Since my smoker is out of operation (mods being made) I really miss smoking and the results. Trying to keep the faith, I put together ShooterRick's _Ricks's Copperhead Snake Bitten Chicken_ rub last weekend (minus the wasabi- all out) , I figured I would try something different.

This afternoon I pulled out a couple pounds of salmon steaks from the in-law's last trip to Alaska and rubbed them with his _Snakebite._ Broiled them in the oven for a bit to see what would happen.

This is seriously good stuff. Yes, it's supposed to be for chicken but I am living proof it works magic for salmon too.
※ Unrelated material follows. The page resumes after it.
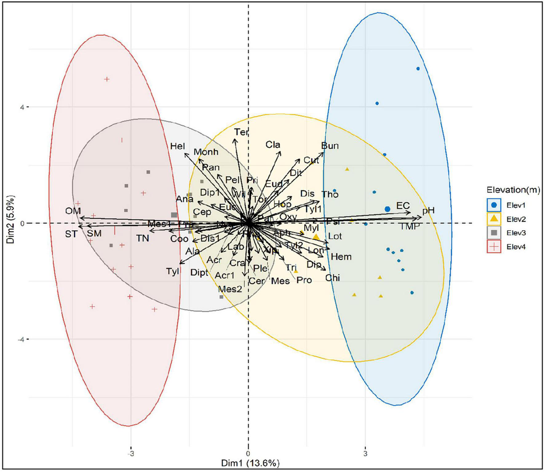 To check whether our data meets the assumption of normality, we performed the Shapiro–Wilk test. The Shapiro–Wilk test showed that the data was non-normally distributed (p-value < 0.05). We therefore performed Kruskal–Wallis test to study whether the soil nematode abundance, diversity, functional and metabolic indices, and physicochemical properties differed significantly among the studied elevational classes. In cases where statistically significant differences were found, multiple post hoc comparisons among studied elevational classes were performed using the Dunn test. Also, owing to the non-normality of data, we performed Spearman’s multiple correlation among the studied soil physicochemical parameters and nematode trophic groups to study the relationship between them. The statistical significance of the resultant correlation was calculated at p < 0.05. Moreover, to investigate the relationship between soil physicochemical properties, nematode trophic groups and genera, we conducted the principal component analysis (PCA) using the “factoextra” package (Kassambara and Mundt, 2020) in R software.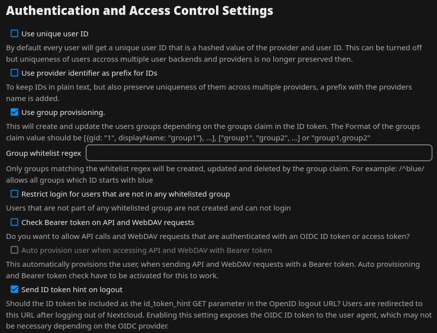 Note: Do not tick the “Use unique user ID” box. This will also make it so that every group name that comes from authentik is hashed in Nextcloud, which will also apply to the “admin” group. I.e, this will break the ability for any authentik user to become admin.

Hey, got to try something different every once in a while, right?

I know, I know....sorry, no q-vues. This was a last minute desperation cooking. 

If you haven't gotten around to try it, I recommend you do. This stuff is  really good.

A big thanks to ShooterRick for sharing!


----------



## shooterrick (Mar 14, 2009)

I am pleased you like the rub.  I will have to try on fish also.  Been thinking about it but not done it yet.


----------



## bbq engineer (Mar 14, 2009)

This is the second thread that I have read today that used ShooterRick's Copperhead Bitten Chicken Rub. I'm gonna try this right away before he decides to go commercial and removes the recipe...it sounds fantastic.

Ricks Copperhead Snake Bitten Chicken

BBQ Eng.


----------



## rivet (Mar 14, 2009)

Let me tell ya friend, you can't go wrong with this baby.


----------



## shooterrick (Mar 15, 2009)

LOL.  This was originally a thank you post for all that SMF had given me in the past.  It will always be available to those that seek grasshopper!


----------



## carpetride (Mar 15, 2009)

Sounds good but did it really happen


----------



## desertlites (Mar 15, 2009)

Rick I mixed up a batch while back-was blown away-had to share -and ya good on fish too-go get wasabi Rivit,key offering in my opionion.


----------



## rivet (Mar 16, 2009)

Will do on the wasabi desert. I'll make another batch of snake bite when my mods are done and I fire up my baby again. Got a bunch of legg-quarters in the freezer waitin'....


----------